Oral arguments are scheduled for Feb. 8.
The U.S. Supreme Court accepted a petition for immediate review regarding a Colorado Supreme Court decision to strike former President Donald Trump from the 2024 presidential ballot.
“The petition for a writ of certiorari is granted,” reads the procedural order.
Oral arguments are scheduled for Feb. 8.
Petitioners’ and amicus briefs are due by Jan. 18, and respondents’ and amicus briefs are due by Jan. 31, with any reply briefs due by Feb. 5.
The Colorado Supreme Court had disqualified President Trump as a candidate on Dec. 19 in an order that left little chance for the actual removal of his name from the ballot.
On Dec. 27, the Colorado GOP filed a petition with the U.S. Supreme Court asking three separate questions regarding the application of Section 3 of the 14th Amendment and political parties’ First Amendment rights to primary their candidate of choice.
On Jan. 3, President Trump filed a separate petition with a simpler question: Did the Colorado Supreme Court err in its ruling?
The U.S. Supreme Court has taken up President Trump’s petition, and has yet to accept to reject the Colorado GOP’s petition.
Trump Campaign spokesman Steven Cheung said the campaign “welcomed” the Supreme Court review.
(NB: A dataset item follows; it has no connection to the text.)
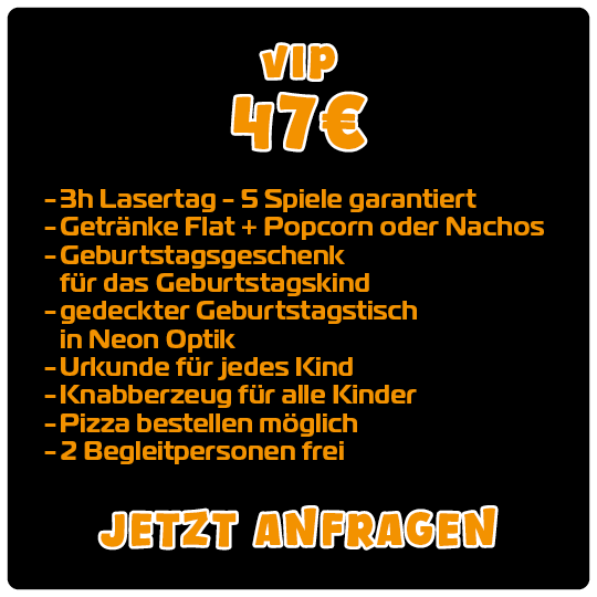UNSER ANGEBOT FÜR KINDERGEBURTSTAGE: Lasertag ab 25€ pro Kind – buchbar ab 6 Personen. Hier unsere Angebote!

“We welcome a fair hearing at the Supreme Court to argue against the bad-faith, election-interfering, voter-suppressing, Democrat-backed and Biden-led, 14th Amendment abusing decision to remove President Trump’s name from the 2024 ballot in the state of Colorado,” he stated.
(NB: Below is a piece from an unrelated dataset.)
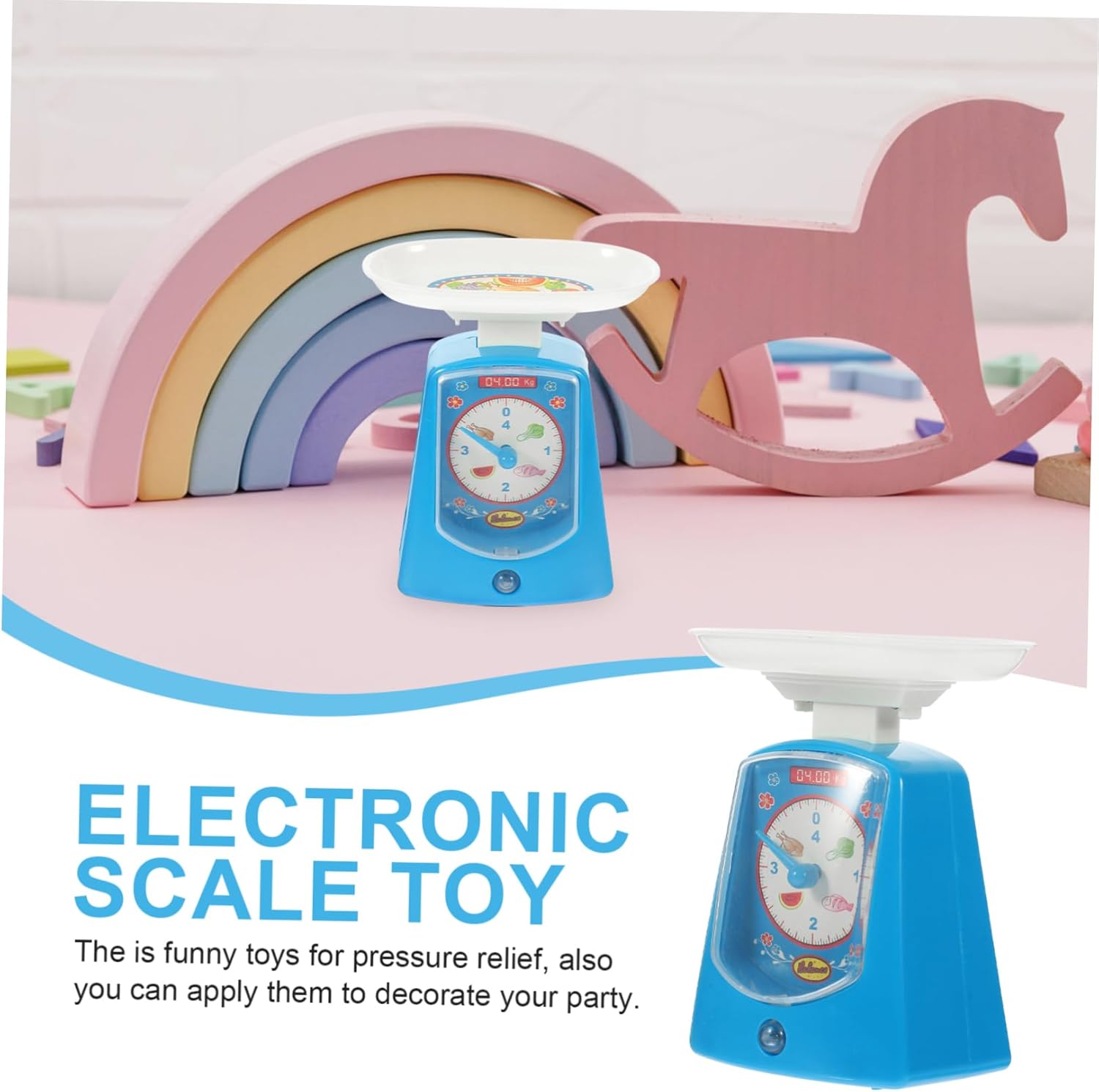 Bilancia elettronica di simulazione: simula il reale degli elettrodomestici, lascia che il bambino comprenda l'esperienza. Giocattolo: con il design dei cartoni animati, i tuoi bambini lo adoreranno. Equilibrio per i bambini: gioca con i giocattoli della casa, giochi di ruolo, può coltivare l'abilità pratica dei bambini. Giocattolo per bambini: è ora di giocare a questo gioco con tuo figlio per migliorare la relazione genitore-figlio. un regalo per i bambini. Giocattoli per utensili da cucina: materiale plastico, superficie liscia, senza sbavature, sicuri per i bambini.

He added that several of these challenges, including the one in Colorado, had been represented and funded by large, left-wing, out-of-state activist groups and have the effect of “disenfranchising voters.”
“We are confident that the fair-minded Supreme Court will unanimously affirm the civil rights of President Trump, and the voting rights of all Americans in a ruling that will squash all of the remaining ballot challenge hoaxes once and for all,” he stated.
Just before the Supreme Court order, the campaign had issued a statement highlight the “precedent” of similar cases being dismissed in state and federal courts the past week.